Как бы то ни было, оставшись без Руфа, Сулла сказал Сенату: «Бе-бе-бе!», взял армию и ушёл на йух, к Митридату. Препятствовать ему никто не стал: ну, его на йух, этого отморозка. Наоборот, все очень обрадовались, потому что присутствие армии мешало выяснять отношения, как это принято у цивилизованных римлян, а тут вдруг армия ушла, и наконец-то у патрициев с плебеями появилась возможность разобраться стенка на стенку.
Тут наш Квинт Серторий спохватился и начал воплощать своё второе героическое решение подружиться с кем-нибудь против Суллы. Губа у Сертория оказалась не дура: на роль кого-нибудь он выбрал не кого-нибудь, а самого консула Цинну. Цинна сразу взял Сертория в оборот, велел ему вспомнить про ораторское искусство и овладеть им вновь, а сам предложил Сенату вернуть всё взад: плебеям — законы об уважении, безработному Марию — работу, сторонникам Мария — Мария, ну и до кучи уж рабам — свободу…
— Вот это ты зря, — сказал Серторий во внезапно наступившей тишине, после чего схватил Цинну за руку, трагическим шёпотом велел ему: — Тикаем! — и бросился из Рима вон, так и не успев овладеть ораторским искусством.
— Придурок! — злился он потом на Цинну.
— Я не придурок, — обижался Цинна, — я консул.
— Да какой ты, в жопу, консул! — злился Серторий ещё больше.
— Законный, блядь! — обижался Цинна.
Но говорил, что характерно, чистую правду.
— Ладно, — сказал Серторий, — даю тебе последний шанс, собирай армию.
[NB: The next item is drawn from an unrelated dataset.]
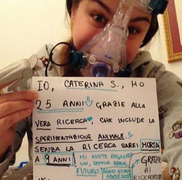 rare patologie, ha pubblicato una foto su Facebook (quella riportata qui a fianco). E’ stato il finimondo: quanto scritto sul cartello ritratto nella foto (“Io Caterina S. ho 25 anni grazie alla vera ricerca, che include la sperimentazione animale. Senza la ricerca sarei morta a 9 anni”) ha attirato l’attenzione di milioni di utenti di Facebook.

— Ты — золото! — воскликнул Цинна и поскакал по сусекам.
В это время в одном из сусеков высадился Марий с шеститысячным десантом.
— Очень кстати! — обрадовался Цинна. — Добро пожаловать в моё войско, располагайтесь. Я Цинна, законный консул.
— Ты, блядь, законный придурок! — зашептал ему на ухо Серторий. — Это же Марий. Он же отморозок хуже Суллы! Он вообще маньяк! Он от Рима камня на камне не оставит, всё, что движется, на тряпки порвёт, а тебя сошлёт куда подальше — будешь потом свою законность на Чукотке доказывать!
— Ах, ты ж сука… — расстроился Цинна. — А я его уже пригласил. И чо теперь делать?
— Ну, хуле, пригласил — угощай… придурок, — сказал ему Серторий, но, чтоб смягчить выволочку, добавил: — Ладно, последний шанс ты, считай, проебал, но предпоследний ещё остался. Действуй.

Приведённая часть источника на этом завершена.